> [Task goal]:
Give the records again exactly. Pictures do not belong in the copy.

== == ==

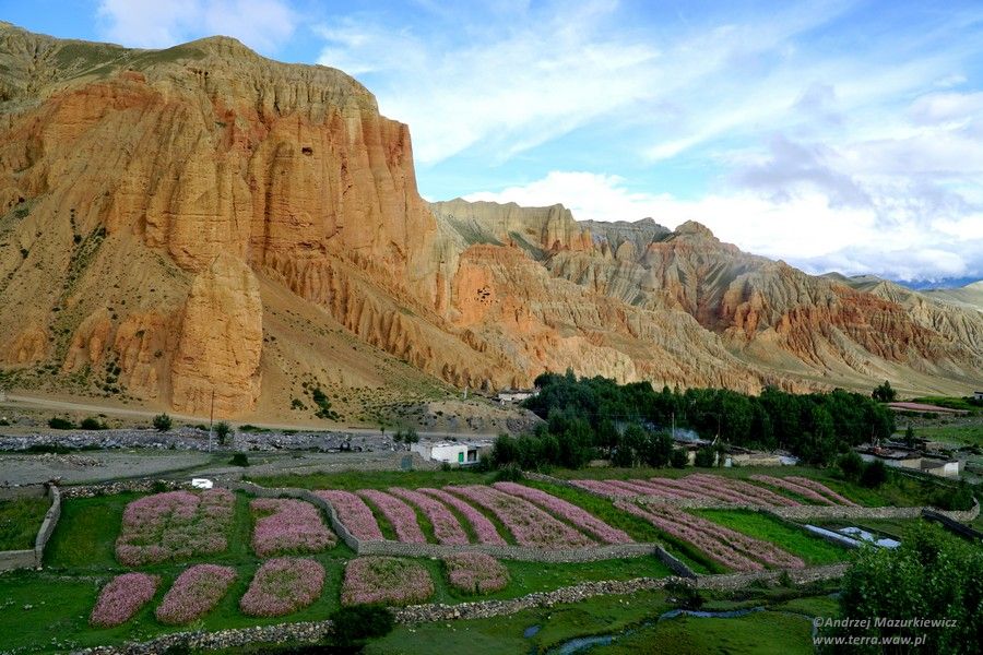 Wędrując mijamy charakterystyczne czorteny w kolorze ochry a w wioskach podziwiamy buddyjskie klasztory. W średniowiecznym otoczonym murami mieście Lo Manthang będziemy obserwować bardzo ważne święto Tiji. Wtedy przed starym pałacem królewskim mnisi przebrani w maski tańcząc odgrywają historię walki ze złym demonem, który zostaje pokonany przez legendarnego Dorje Jono.
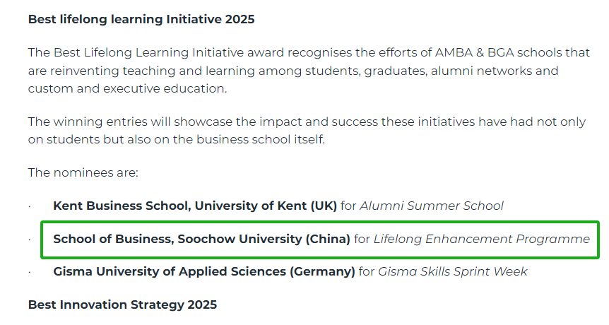 近日,英国工商管理硕士协会(AMBA)和betway西汉姆联毕业生协会(BGA)发布了2025年AMBA和BGA全球商科卓越奖获奖名单。bw必威西汉姆联betway西汉姆联在此次评选中荣获“最佳终身学习举措奖”铜奖,...
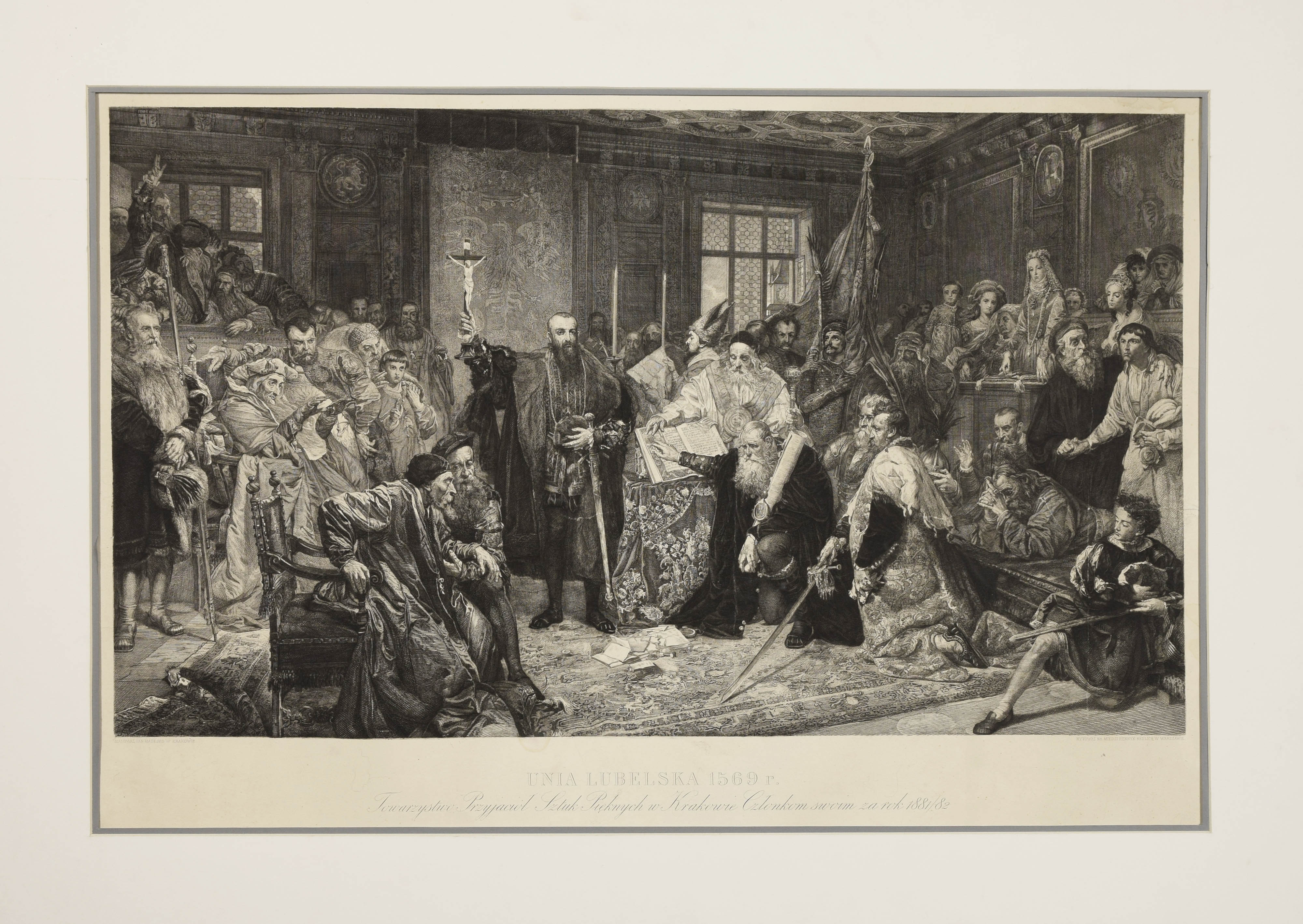 napis drukiem pośrodku u dołu: „UNIA LUBELSKA 1569 r. / Towarzystwo Przyjaciół Sztuk Pięknych w Krakowie Członkom swoim za rok 1881/82”;
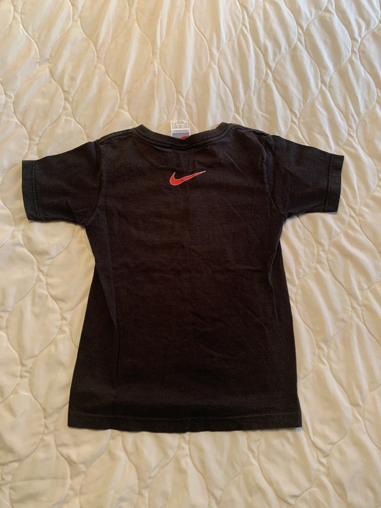 This vintage 80s 90s Nike Gray Tag T-Shirt features a spell out Swoosh logo on the front, showcasing the iconic Nike Air theme from the USA. The black cotton t-shirt with a crew neck and short sleeves is perfect for traveling, activewear, and casual occasions. Made in the United States, this regular fit t-shirt in size M is machine washable and embodies the retro style of the 80s and 90s era, making it a unique addition to any boy's wardrobe. Measurements: Pit to Pit: 1 3 Sleeves: — Total Length: 1 7.5
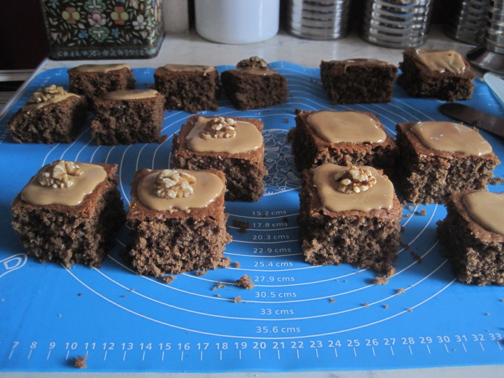 While I’m not busy in the garden I love to bake. I have a new recipe to share. Here is my version of coffee and walnut cake. You will need a large baking tin. I use a roaster, 30 x 25cm (12 x 10 inches).
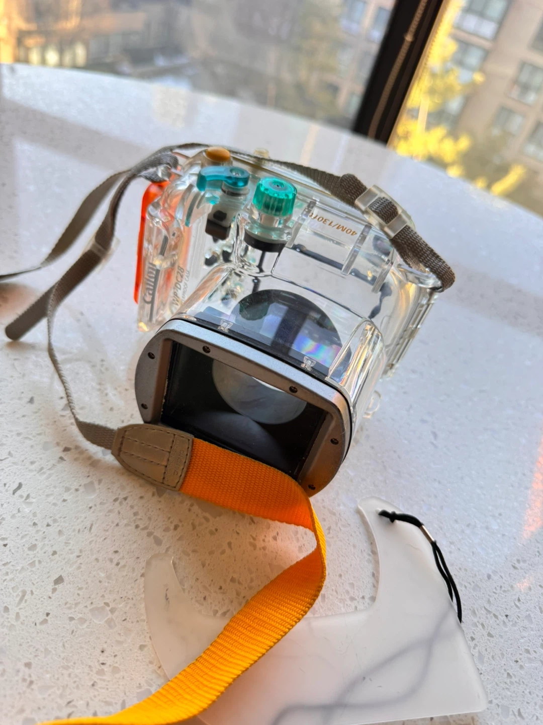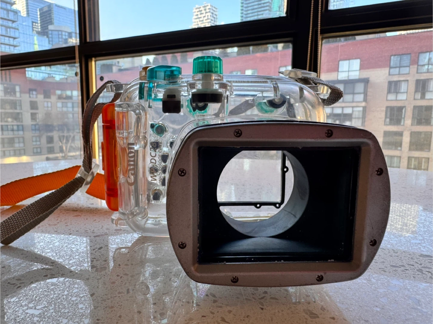 This is a Canon WP-DC58 underwater camera housing. It's made of clear polycarbonate plastic with green and orange accents. It comes with a neck strap and is designed for specific Canon camera models.
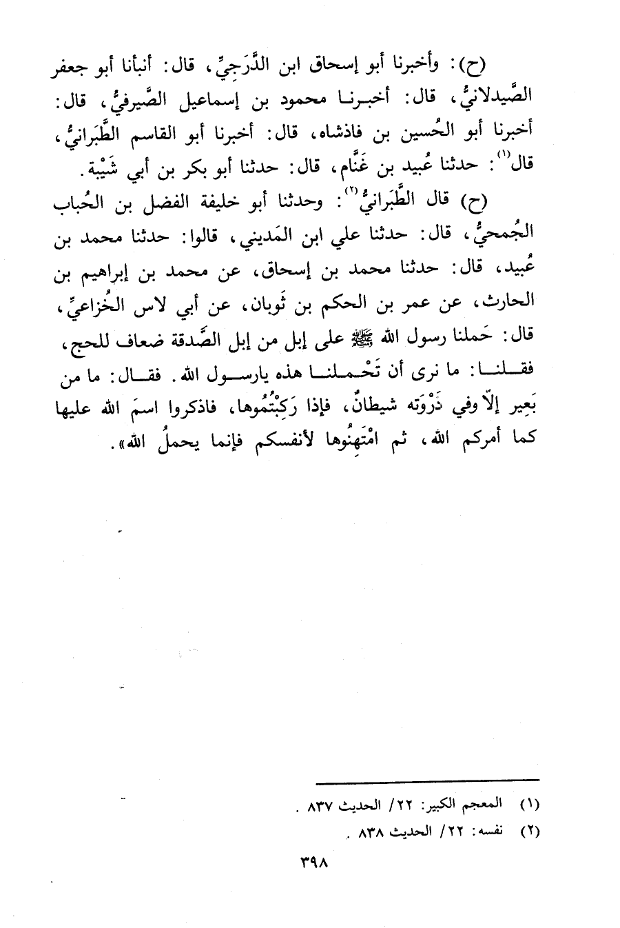 (ح) قال الطَّبَرَانِيُّ (2) : وحَدَّثَنَا أَبُو خَلِيفَةَ الْفَضْلُ بْنُ الْحُبَابِ الْجُمَحِيُّ، قال: حَدَّثَنَا علي ابن الْمَدِينِيِّ، قَالُوا: حَدَّثَنَا مُحَمَّدُ بْنُ عُبَيد، قال: حَدَّثَنَا مُحَمَّدُ بْنُ إِسْحَاقَ، عَنْ مُحَمَّدِ بْنِ إِبْرَاهِيمَ بْنِ الْحَارِثِ، عَنْ عُمَر بْنِ الحكم بْن ثوبان، عَن أَبِي لاسٍ الْخُزَاعِيِّ، قال: حَمَلَنَا رَسُولُ اللَّهِ صلى الله عليه وسلم عَلَى إِبِلٍ مِنْ إِبِلِ الصَّدَقَةِ ضِعَافٍ لِلْحَجِّ، فَقُلْنَا: مَا نَرَى أَنْ تَحْمِلْنَا هَذِهِ يَا رَسُولَ اللَّهِ. فَقَالَ: مَا مِنْ بَعِيرٍ إِلا وفِي ذُرْوَتِهِ شَيْطَانٌ، فَإِذَا رَكَبْتُمُوهَا، فَاذْكُرُوا اسْمَ اللَّهِ عَلَيْهَا كَمَا أَمَرَكُمُ اللَّهُ، ثُمَّ امْتَهِنُوهَا لأنفسكم فإنما يحمل الله.
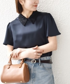 着用アイテム:サテン レースカラー ショートスリーブ ブラウス ネイビー
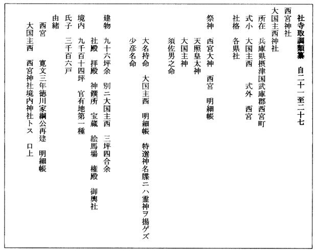 西宮神社は式外。大国主西神社は式内であるが、由緒は口上とあるのみで明らかではない。
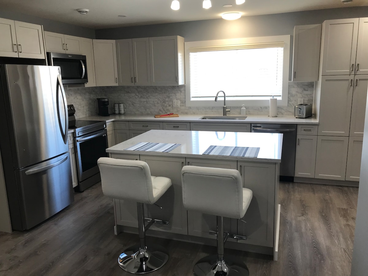 Welcome to our beautiful, fully renovated two bedroom unit, longer stays are welcome. Close to grocery stores, the airport, and the Sportsplex (swimming and arena) in a central location. The space boasts a bright open concept living room and fully functioning kitchen.
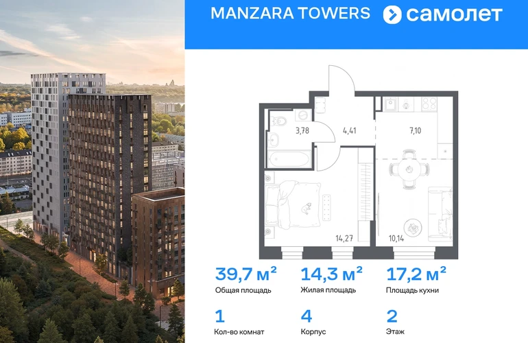 Строим кварталы для жизни с заботой о будущем. Предлагается 1-комнатная квартира комфорт-класса 39,7 кв.м в корпусе 4 на 2 этаже, в MANZARA TOWERS Квартира с чистовой отделкой. Доступность дополнительных опций уточняйте у застройщика. Приобрести квартиру возможно по специальным акциям от застройщика, с текущими условиями акций можно ознакомиться в блоке «Акций». Цена динамическая и может отличаться, уточняйте актуальность у застройщика. Manzara Towers — это дома высотой от 7 до 24 этажей. В увеличенных окнах с зеркальной поверхностью отражаются облака и солнечные блики. Тихий двор с игровыми площадками и воркаут-пространством идеален для прогулок с кофе. На первом этаже есть выход на стилобат, где появятся зеленые оазисы и открытые террасы. Дома соединяет между собой частично прозрачный пешеходный мост. Предусмотрены подземный и 6-этажный многоуровневый паркинги. До ж/д вокзалов можно доехать за 20 минут. Или в обеденный перерыв встретиться с друзьями в центре города — дорога на машине займет около 15 минут. На первых этажах корпусов откроется детская поликлиника, ФОК с бассейном, магазины, кафе и салоны красоты. Для маленьких жителей уже работают 3 детских сада и лицей, до которых можно дойти за 6–15 минут. Во всех наших корпусах входы в светлые лобби находятся на уровне земли. На первом этаже есть специальные места для хранения колясок и велосипедов. #yan19-2r1814427#О застройщике
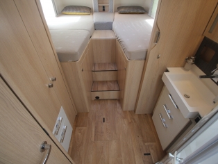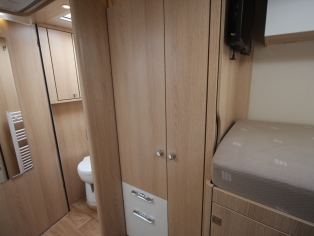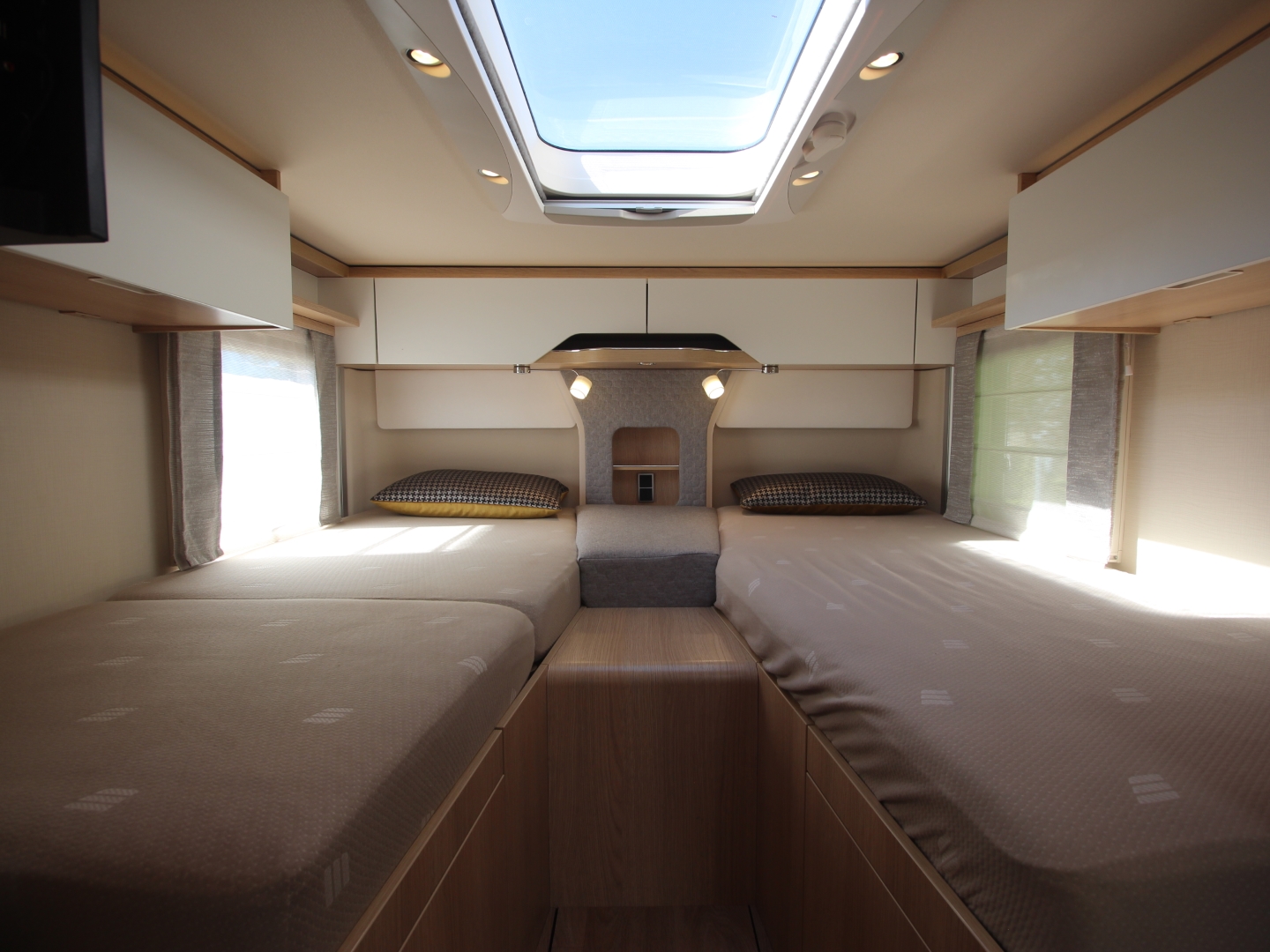 De slaapkamer achter heeft twee enkele bedden, (dicht te leggen naar eén groot bed) met het Hymer slaapcomfort schotelsysteem. Door de tussendeur te sluiten ontstaat er een ruime slaapkamer met sanitaire voorzieningen met veel privacy. Bovenin de cabine is een royaal 2 persoons hefbed, terwijl van de zitgroep ook nog een extra bed gemaakt kan worden.

== == ==

> [Solution]:
 Wędrując mijamy charakterystyczne czorteny w kolorze ochry a w wioskach podziwiamy buddyjskie klasztory. W średniowiecznym otoczonym murami mieście Lo Manthang będziemy obserwować bardzo ważne święto Tiji. Wtedy przed starym pałacem królewskim mnisi przebrani w maski tańcząc odgrywają historię walki ze złym demonem, który zostaje pokonany przez legendarnego Dorje Jono.
 近日,英国工商管理硕士协会(AMBA)和betway西汉姆联毕业生协会(BGA)发布了2025年AMBA和BGA全球商科卓越奖获奖名单。bw必威西汉姆联betway西汉姆联在此次评选中荣获“最佳终身学习举措奖”铜奖,...
 napis drukiem pośrodku u dołu: „UNIA LUBELSKA 1569 r. / Towarzystwo Przyjaciół Sztuk Pięknych w Krakowie Członkom swoim za rok 1881/82”;
 This vintage 80s 90s Nike Gray Tag T-Shirt features a spell out Swoosh logo on the front, showcasing the iconic Nike Air theme from the USA. The black cotton t-shirt with a crew neck and short sleeves is perfect for traveling, activewear, and casual occasions. Made in the United States, this regular fit t-shirt in size M is machine washable and embodies the retro style of the 80s and 90s era, making it a unique addition to any boy's wardrobe. Measurements: Pit to Pit: 1 3 Sleeves: — Total Length: 1 7.5
 While I’m not busy in the garden I love to bake. I have a new recipe to share. Here is my version of coffee and walnut cake. You will need a large baking tin. I use a roaster, 30 x 25cm (12 x 10 inches).
 This is a Canon WP-DC58 underwater camera housing. It's made of clear polycarbonate plastic with green and orange accents. It comes with a neck strap and is designed for specific Canon camera models.
 (ح) قال الطَّبَرَانِيُّ (2) : وحَدَّثَنَا أَبُو خَلِيفَةَ الْفَضْلُ بْنُ الْحُبَابِ الْجُمَحِيُّ، قال: حَدَّثَنَا علي ابن الْمَدِينِيِّ، قَالُوا: حَدَّثَنَا مُحَمَّدُ بْنُ عُبَيد، قال: حَدَّثَنَا مُحَمَّدُ بْنُ إِسْحَاقَ، عَنْ مُحَمَّدِ بْنِ إِبْرَاهِيمَ بْنِ الْحَارِثِ، عَنْ عُمَر بْنِ الحكم بْن ثوبان، عَن أَبِي لاسٍ الْخُزَاعِيِّ، قال: حَمَلَنَا رَسُولُ اللَّهِ صلى الله عليه وسلم عَلَى إِبِلٍ مِنْ إِبِلِ الصَّدَقَةِ ضِعَافٍ لِلْحَجِّ، فَقُلْنَا: مَا نَرَى أَنْ تَحْمِلْنَا هَذِهِ يَا رَسُولَ اللَّهِ. فَقَالَ: مَا مِنْ بَعِيرٍ إِلا وفِي ذُرْوَتِهِ شَيْطَانٌ، فَإِذَا رَكَبْتُمُوهَا، فَاذْكُرُوا اسْمَ اللَّهِ عَلَيْهَا كَمَا أَمَرَكُمُ اللَّهُ، ثُمَّ امْتَهِنُوهَا لأنفسكم فإنما يحمل الله.
 着用アイテム:サテン レースカラー ショートスリーブ ブラウス ネイビー
 西宮神社は式外。大国主西神社は式内であるが、由緒は口上とあるのみで明らかではない。
 Welcome to our beautiful, fully renovated two bedroom unit, longer stays are welcome. Close to grocery stores, the airport, and the Sportsplex (swimming and arena) in a central location. The space boasts a bright open concept living room and fully functioning kitchen.
 Строим кварталы для жизни с заботой о будущем. Предлагается 1-комнатная квартира комфорт-класса 39,7 кв.м в корпусе 4 на 2 этаже, в MANZARA TOWERS Квартира с чистовой отделкой. Доступность дополнительных опций уточняйте у застройщика. Приобрести квартиру возможно по специальным акциям от застройщика, с текущими условиями акций можно ознакомиться в блоке «Акций». Цена динамическая и может отличаться, уточняйте актуальность у застройщика. Manzara Towers — это дома высотой от 7 до 24 этажей. В увеличенных окнах с зеркальной поверхностью отражаются облака и солнечные блики. Тихий двор с игровыми площадками и воркаут-пространством идеален для прогулок с кофе. На первом этаже есть выход на стилобат, где появятся зеленые оазисы и открытые террасы. Дома соединяет между собой частично прозрачный пешеходный мост. Предусмотрены подземный и 6-этажный многоуровневый паркинги. До ж/д вокзалов можно доехать за 20 минут. Или в обеденный перерыв встретиться с друзьями в центре города — дорога на машине займет около 15 минут. На первых этажах корпусов откроется детская поликлиника, ФОК с бассейном, магазины, кафе и салоны красоты. Для маленьких жителей уже работают 3 детских сада и лицей, до которых можно дойти за 6–15 минут. Во всех наших корпусах входы в светлые лобби находятся на уровне земли. На первом этаже есть специальные места для хранения колясок и велосипедов. #yan19-2r1814427#О застройщике
 De slaapkamer achter heeft twee enkele bedden, (dicht te leggen naar eén groot bed) met het Hymer slaapcomfort schotelsysteem. Door de tussendeur te sluiten ontstaat er een ruime slaapkamer met sanitaire voorzieningen met veel privacy. Bovenin de cabine is een royaal 2 persoons hefbed, terwijl van de zitgroep ook nog een extra bed gemaakt kan worden.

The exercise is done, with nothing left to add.